Etienne urged countries and governments globally to continue their donations. 

“The vaccines that we have at hand do work remarkably well and will help us overcome the pandemic, but only if we take this opportunity to address the challenges that have held us back, especially the pervasive inequality in access to health care. Broad vaccine access must be the first step in the process.” 

This week, El Salvador welcomed 1.5 million new vaccine doses from the US government, as part of its pledge to share at least 20 million doses with the WHO-cosponsored COVAX global vaccine facility

Japan will also be donating over 11 million doses through COVAX. Gavi, also co-sponsoring COVAX, has received tremendous support from Japan, with the country pledging a total of US $1 billion to COVAX

PAHO Reaffirms COVID-19 Support of Haiti Following Assassination its President

Assassinated: Haitian President Jovenel Moïse.

Etienne offered her condolences and expressed solidarity with the Haitian people following the Wednesday morning assassination of Haiti’s President Jovenel Moise during an attack on his private residence.

She reaffirmed PAHO’s support of Haiti during these “uncertain times” and said the organisation would continue to help control the spread of COVID-19 and work towards vaccinating its people.  

Haiti has been prioritized to receive vaccines from COVAX because of the deadly wave that has been hitting the country, with sharply escalating cases, hospitalizations, and deaths in recent weeks. 

However, it is the only country in the Americas participating in COVAX that hasn’t received any vaccines.

A shipment of 132,000 AstraZeneca vaccine doses from COVAX is scheduled to arrive in Haiti later this month and the US plans to deliver doses in the near future.

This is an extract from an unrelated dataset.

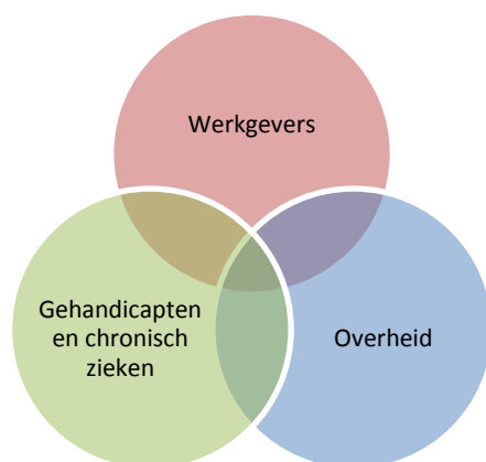
Figuur 2: Relatie tussen wetgeving en vrijwillige afspraken tussen werkgevers en overheid rondom Wajongers binnen de WWNV. (Bianca Prins, 2011)

Het ministerie van SZW verwacht dat werkgevers en Wajongers elkaar zullen vinden op de arbeidsmarkt naar aanleiding van de vergrijzende arbeidsmarkt en de verwachte tekorten op de arbeidsmarkt. (KCCO, 2011) Toch heeft de huidige wet- en regelgeving, in de vorm van de 'Nieuwe' Wajong, welke is ingevoerd in 2010, nog niet het gewenste resultaat behaald. (SZW, 2010; UWV, 2011) Sinds de invoering van de 'Nieuwe Wajong' is het aantal werkgevers met een Wajonger in dienst slechts met 0.4% gegroeid. Dit is onderzocht door het UWV in 2011, en opgenomen in de Wajongmonitor. (UWV 2011) Uit dat zelfde onderzoek bleek ook dat "Het aantal werkende Wajongers in 2010 uit kwam op 24,6%. Van de Wajongers die bij een reguliere werkgever werkten, waren zij het meest in dienst bij de bedrijfstakken 'Winkelbedrijf en Groothandel' (22%), 'Gezondheid' (18%) 'Overig bedrijf en beroep' (12%, met name horeca en schoonmaakbranche) en 'Industrie sec' (10%). In deze vier sectoren werkt bijna 2/3 van alle Wajongers die bij een reguliere werkgever werken." (UWV, 2011, p. 119) Op basis van deze cijfers en beroepsgroepen kan men concluderen dat de groep werkende Wajongers voornamelijk uit laag geschoolde Wajongers bestaat, mede omdat dit cijfer vrijwel gelijk is aan het aantal Wajongers dat binnen de Wet Sociale Werkvoorziening (WSW) werkzaam is. (UWV, 2011)

‘False Sense of Security’ From COVID Travel Certificates

Dr. Ciro Ugarte, Director of Health Emergencies, PAHO

Though countries are easing their travel restrictions and reopening borders, and with complications arising from the European Union’s new COVID ‘Green Pass’,  PAHO officials still advised travellers to continue to take necessary precautions to prevent the spread of the virus.  

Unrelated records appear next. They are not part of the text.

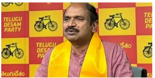
చేసే విధంగా శనివారం (జనవరి 31) వైసీపీ నేతలు వ్యవహరించారని విమర్శించారు. వ్యవస్థలను ఇబ్బందులకు గురి

న్యూఢిల్లీ, ఫిబ్రవరి 1: ముఖ్యమంత్రి చంద్రబాబు నాయుడిపై వైసీపీ నేత అంబటి రాంబాబు చేసిన వ్యాఖ్యలపై టీడీపీ నేతలు తీవ్ర స్థాయిలో ఆగ్రహం వ్యక్తం చేస్తున్నారు. సీఎంపై అంబటి చేసిన వ్యాఖ్యలను టీడీపీ ఎంపీ కలిశెట్టి అప్పలనాయుడు ఖండించారు. అలాంటి కామెంట్స్ దురదృష్టకరమన్నారు. అంబటి వ్యాఖ్యలు సరికావని.. ఆయన బహిరంగ క్షమాపణలు చెప్పాలని డిమాండ్ చేశారు. గతంలో కూడా మాజీ సీఎం జగన్మోహన్ రెడ్డి.. చంద్రబాబు నాయుడును కాల్చి చంపాలని కామెంట్ చేశారని గుర్తుచేశారు. అంతేకాకుండా, సీఎం కుటుంబ సభ్యులను కూడా దూషించారని పైర్ అయ్యారు. వైసీపీ నేతల వ్యాఖ్యలు చూస్తే బాధేస్తోందన్నారు ఎంపీ. తిరుమల లద్దా అంశాన్ని డైరెక్ట్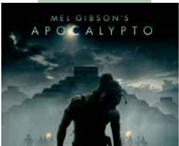
23. Feb. – 01. Marts Apocalypto Action – Drama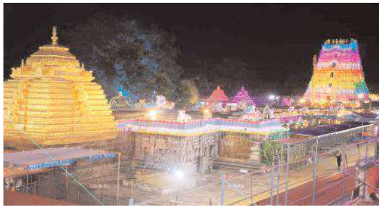
శ్రీశైల ఆలయం దృశ్యం

“Even people who are completely vaccinated still have a risk of becoming infected and transmitting the disease, so a passport that verifies the vaccination or some proof can create a false sense of security,” said PAHO Director of Health Emergencies Ciro Ugarte. 

Ugarte also added that requiring proof of vaccination may exacerbate inequality between countries, as many countries still do not have sufficient access to vaccines.

This is seen with the EU Digital Green Pass, launched 1 July. Those vaccinated with an AstraZeneca vaccine “Covishield” produced by the Serum Institute of India – which includes most citizens of low- and middle-income countries who were immunized with vaccines distributed by the COVAX initiative – would not be qualified to get the pass.